Throughout The Ventriloquist's Tale Melville demonstrates the power that ideals of morality hold over us. Even human beings were once ruled by Nature, by their instincts, not socialized or indoctrinated by the institutions of civilized society. Time and time again Melville proves that Nature has no morality. Beatrice herself discloses that her affair with Danny "felt so natural that she could not believe that there was anything bad about it" (268). Melville's characters vacillate between trusting their instincts and upholding the moral absolutes of European culture. They struggle to cope with the atrocities they have experienced and the sacrifices they have made. Yet they remain, in the words of the ventriloquist, "unable to decide whether we should stick to ourselves or throw ourselves on the mercy of the wide world" (357).

Good Storytelling3
This novel consists of two main story lines, and a number of subplots. The author is an accomplished storyteller, and the stories are unusual in that they revolve around life in a part of the world (British Guiana) that we don't often hear about. The first story takes place in the Rupunnuni District of southern Br. Guiana, around 1920, and concerns an intimate love relationship between a brother and sister of Amerindian/Scottish descent. Apparently many people find this sort of thing revolting. However taken in the context of the Great War of 1914-18 which had just ended, it is difficult to get too excersised about it. This pair of lovers are not a particularly attractive couple. The brother is weak and ineffectual, and the sister is strong and pretty savage. You wouldn't want to tangle with her.

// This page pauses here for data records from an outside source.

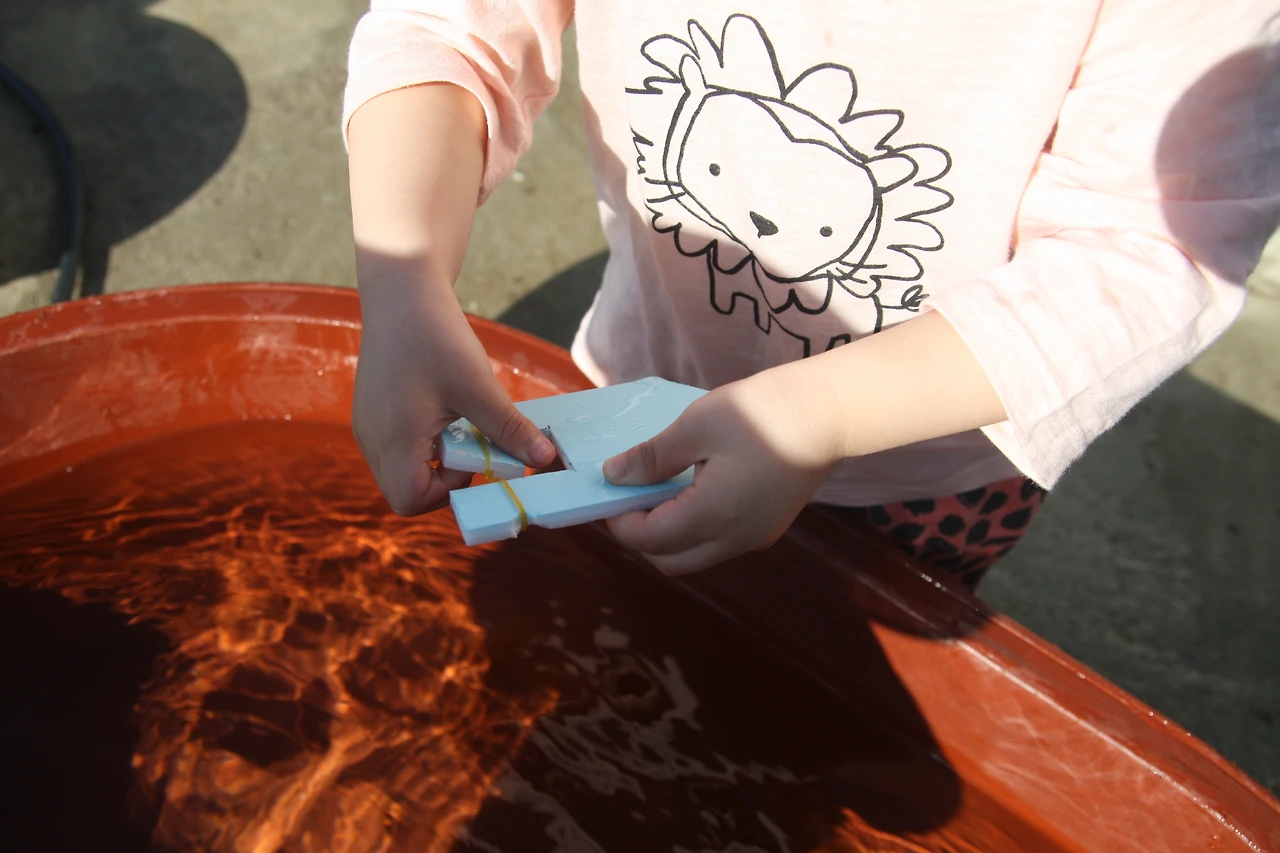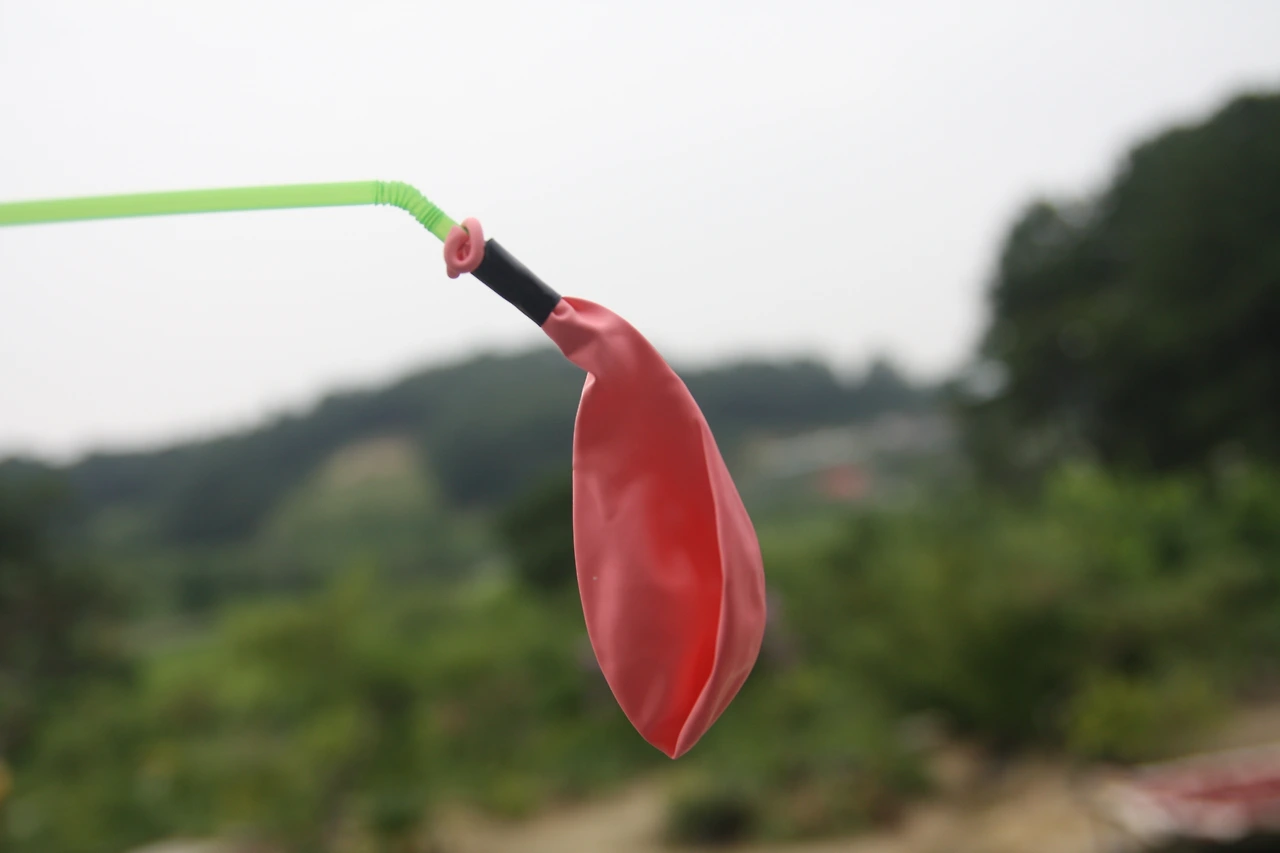 빨대 끝을 손으로 꽉 잡고 풍선 배를 물에 띄웁니다.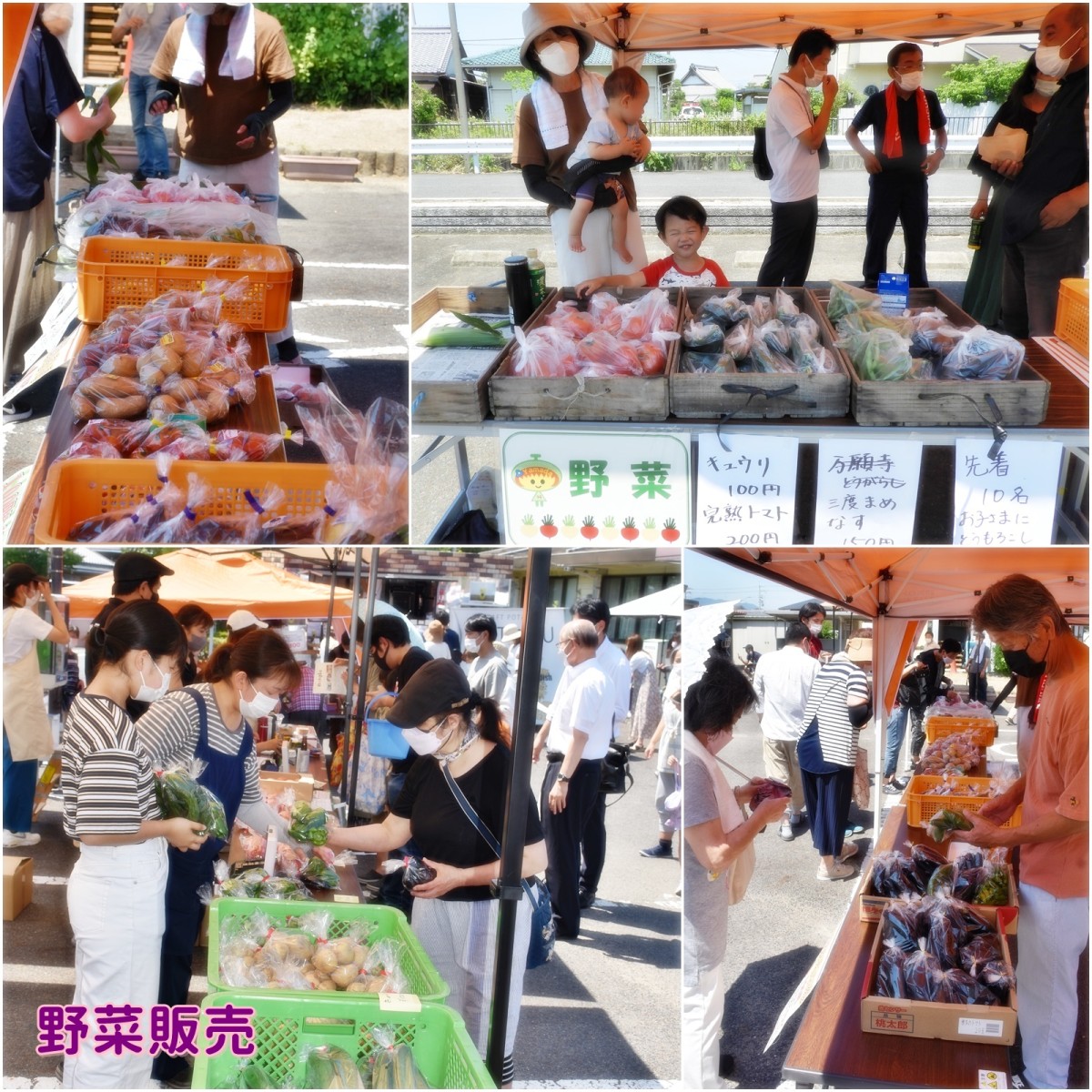 地元野菜コーナーでは、賀茂なす、三度豆、トマト、万願寺とうがらし、きゅうり、ジャガイモなどが並びました。朝採りで新鮮な野菜は、一袋100円コーナーもあり、どれもお値打ち品でした。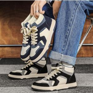 ハイカット スニーカー メンズ ミドルカット ステッチ スエード調 ミックスカラー シューズ バッシュ ブラック 通学 ダンス 韓流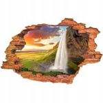 Naklejka na ścianę 3D Wodospad na tle zachodzącego słońca 90 cm na 60 cm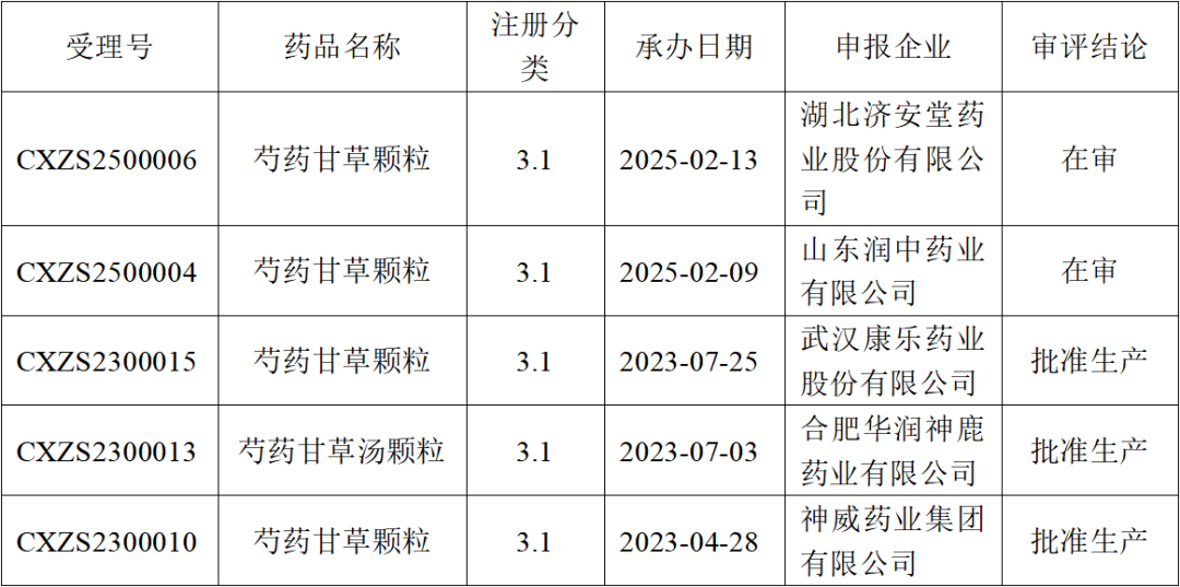 2025年2月,芍藥甘草顆粒有2家企業(yè)申報上市申請,分別是山東潤中藥業(yè)有限公司和湖北濟安堂藥業(yè)股份有限公司,目前均在審評審批中。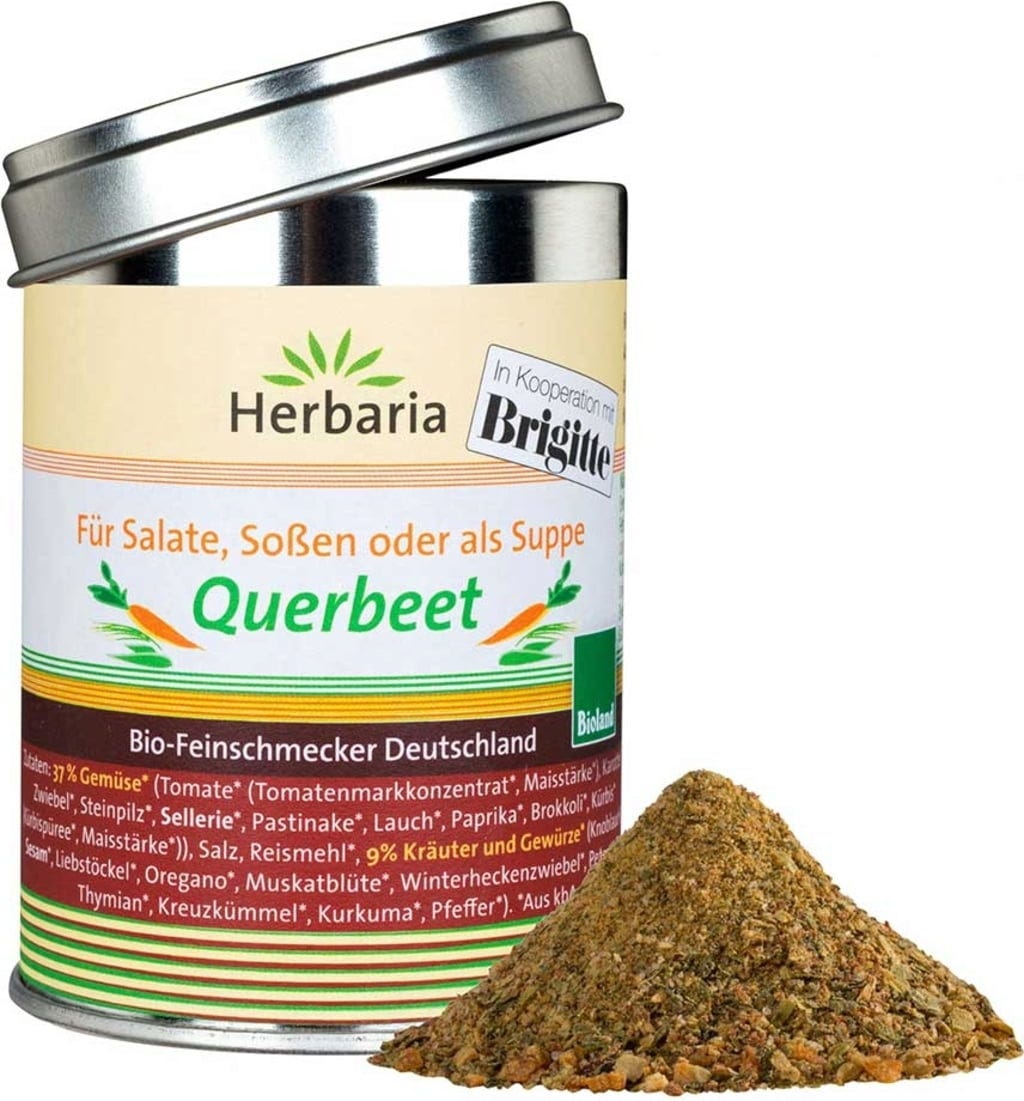 37 % зеленчук[1] (Домати[1] (Доматено пюре концентрат[1], царевично нишесте[1]), морков[1], лук[1], манатарки[1], целина[1], пащърнак[1], Праз-лук[1], Червен пипер[1], броколи[1], Kürbis[1] (тиквено пюре[1], царевично нишесте[1])), Сол, оризово брашно[1], 9 % билки и подправки[1] (Чесън[1], Сусам[1], девесил[1], Риган[1], цветя на индийско орехче[1], зелен лук[1], магданоз[1], Thymian[1], Кимион[1], куркума[1], Пипер[1])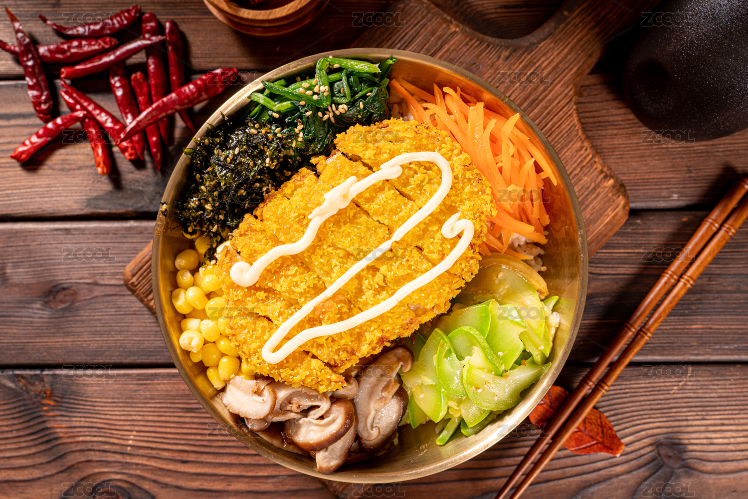木板上的豬排飯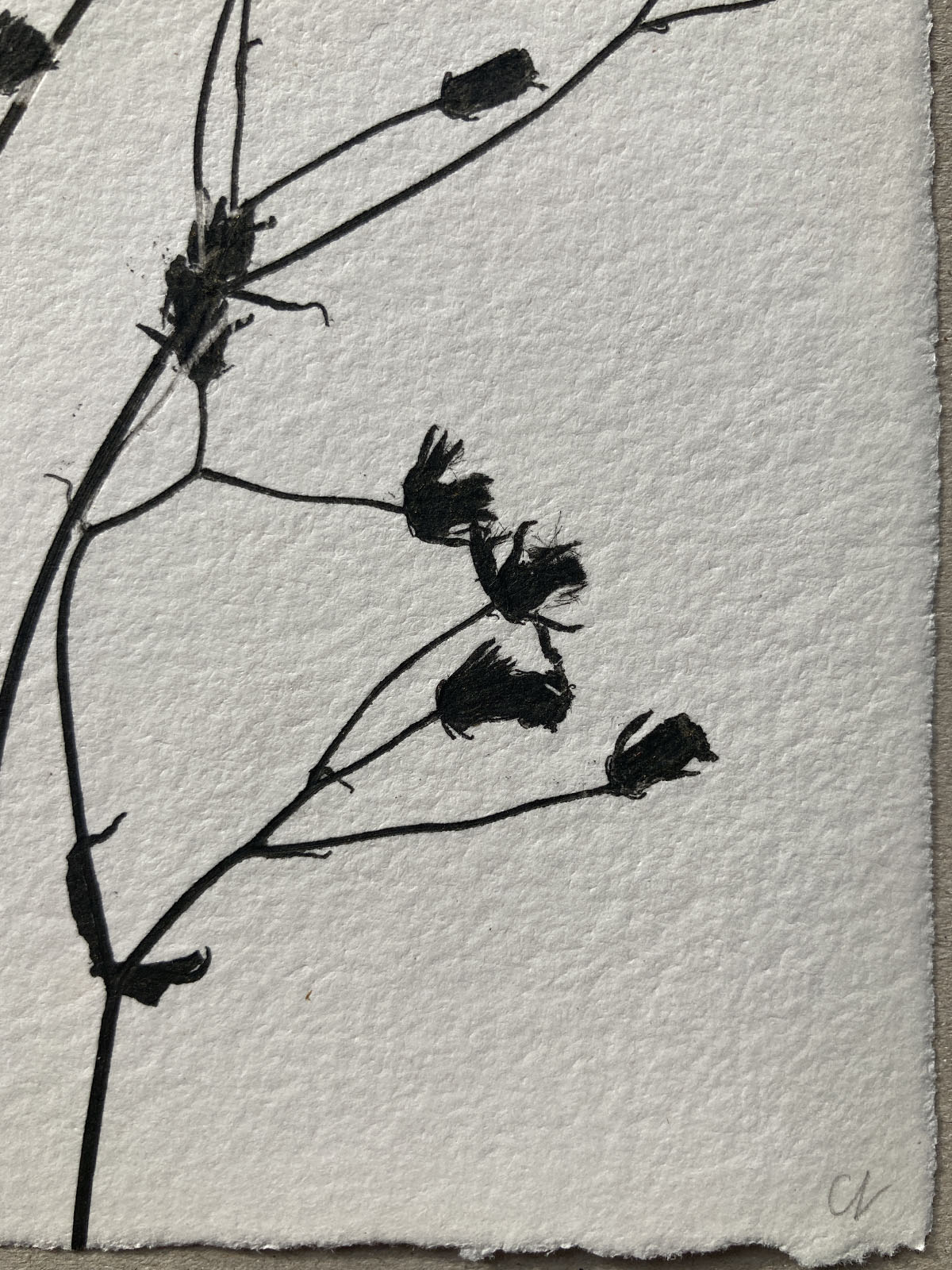 L’étape suivante consiste à déposer la ou les plantes choisies sur une plaque préalablement encrée, une feuille de papier recouvre l’ensemble. Enfin, le passage sous la presse d’héliogravure permet d’obtenir ce qu’on appelle l’empreinte négative.
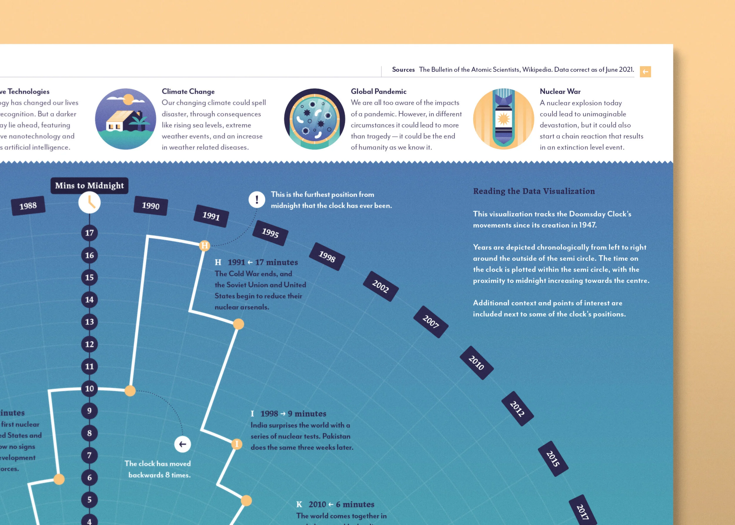 This data visualization tracks the movement of the Doomsday Clock since it's creation, providing context and points of interest through the clock's history, and explores why today the symbol is more important than ever.

The other story takes place in the coastal town of Georgetown, probably in the 1960's, and involves an infidelity between another Amerindian/Scottish man, and an English woman who is involved in some really esoteric literary research. This is a really boring bussiness between two very selfindulgent people.
Besides all this, the author has several axes to grind. She doesn't like the Colonial British, she doesn't like the Roman Catholic Church, and she doesn't like the city folk of Geiorgetown. She is reallly high on the Amerindans and their way of life. However what she says about them is that they are very superstitious, and very arrogant, but they do understand how to live in an environment that is very close to nature.
There is a great deal of mumbo-jumbo in the book about incest and the moon and on and on. A lot of it is charming and unusual, and we all enjoy what is mysterious. But it is so much claptrap.
So I gave it three stars. for good storytelling, but I was put off by some of the attitudes expressed, which were too much part of the authors baggage.
And how does it all come out? Well as someone once said " ...the good ended good and the bad ended bad, that is what fiction is."